The quality of word segmentation is related to the accuracy of query and the size of generated index. In the development of Chinese word segmentation, binary word segmentation is often used in the early stage. The basic principle of this method is to divide sentences containing Chinese into binary words, regardless of the meaning, and only index the binary words. Therefore, this method separates a large number of words, resulting in a huge number of indexes, and useless data will be retrieved in the query. The advantage is that the algorithm is simple and the retrieved data will not be missed. Then the maximum matching word segmentation method is developed, which is divided into forward maximum word segmentation and reverse maximum word segmentation. Its principle is similar to looking up a dictionary, generating a dictionary for commonly used words, and matching the words in the dictionary to the maximum extent in the process of analyzing sentences, thus splitting sentences into meaningful word chains. The forward word segmentation method in the maximum matching method is easy to make mistakes when distinguishing formal words. For example, "jewelry and clothing" will use "kimono" as a single word. The improved reverse maximum word segmentation method is used in the big dream database, which improves the correct rate compared with the forward one. The most complicated is the method of word segmentation by statistical means. This method uses hidden Markov chain, that is, the probability of the last word depends on the probability of the previous word, and finally counts the maximum probability of all words as the basis of word segmentation. The recognition rate of this method for new nouns and place names is much higher than that of the maximum matching method, and the accuracy increases with the increase of the number of sample texts.

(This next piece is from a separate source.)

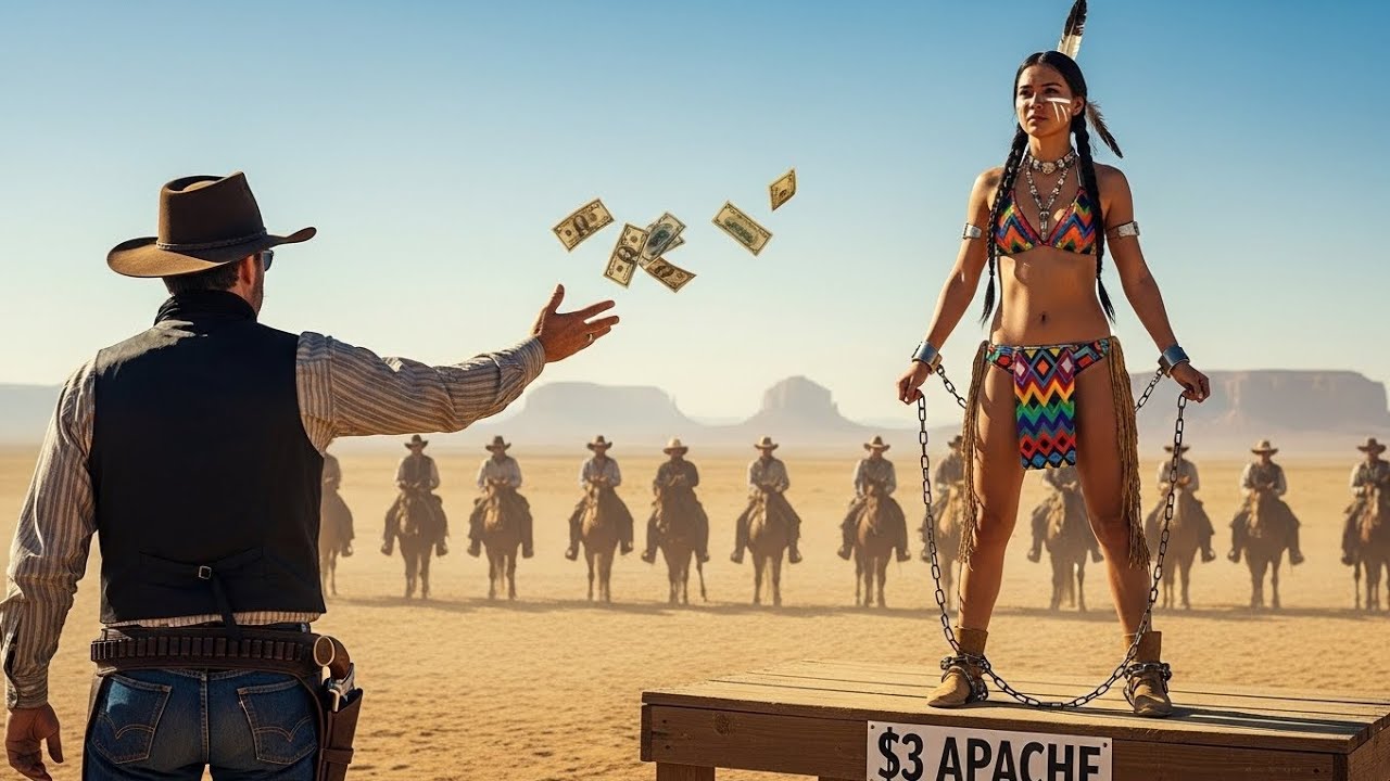 Y allí estaba ella: una joven apache, manos atadas, el cabello enmarañado, los ojos ardiendo de desafío. Miraba a la multitud sin inclinar la cabeza. Aquello no era una venta común, sino una exhibición cruel de poder y dominio.

The binary word segmentation method and statistical method are independent of the dictionary, while the maximum matching word segmentation method depends on the dictionary, and the content of the dictionary determines the quality of the word segmentation structure.
The index of full-text retrieval is called inverted index, which is called inverted index because each word is regarded as an index item, and the text containing the word is searched according to the index item. Therefore, indexes are all words, and the labels of the only recorded text have a one-to-many relationship. Sort the index words, and locate the text containing these words according to the sorted words.
Step 1) Read a whole sentence into the variable str and go to step 2.
Step 2) Read 1 words into variable words at the end of clause, and go to step 3.
Step 3) Look up the words saved in word in the dictionary. If it exists, save word and go to step 4, otherwise go to step 5).
Step 4) If it is the largest word in the dictionary or exceeds the maximum number of words (recognized as new words), remove the word from the end of the clause and return to step 2.
Step 5) read the previous word into Word to form a new word, and go to step 3).
Storage data structure of thesaurus and matching algorithm of words in thesaurus
Words in memory are stored in a hierarchical structure.
Suppose there are the following words in the dictionary: China, Republic of China, National People's Democracy.
Arranged in the memory by layers as follows, where each square represents a word and the arrow points to the previous word of the word.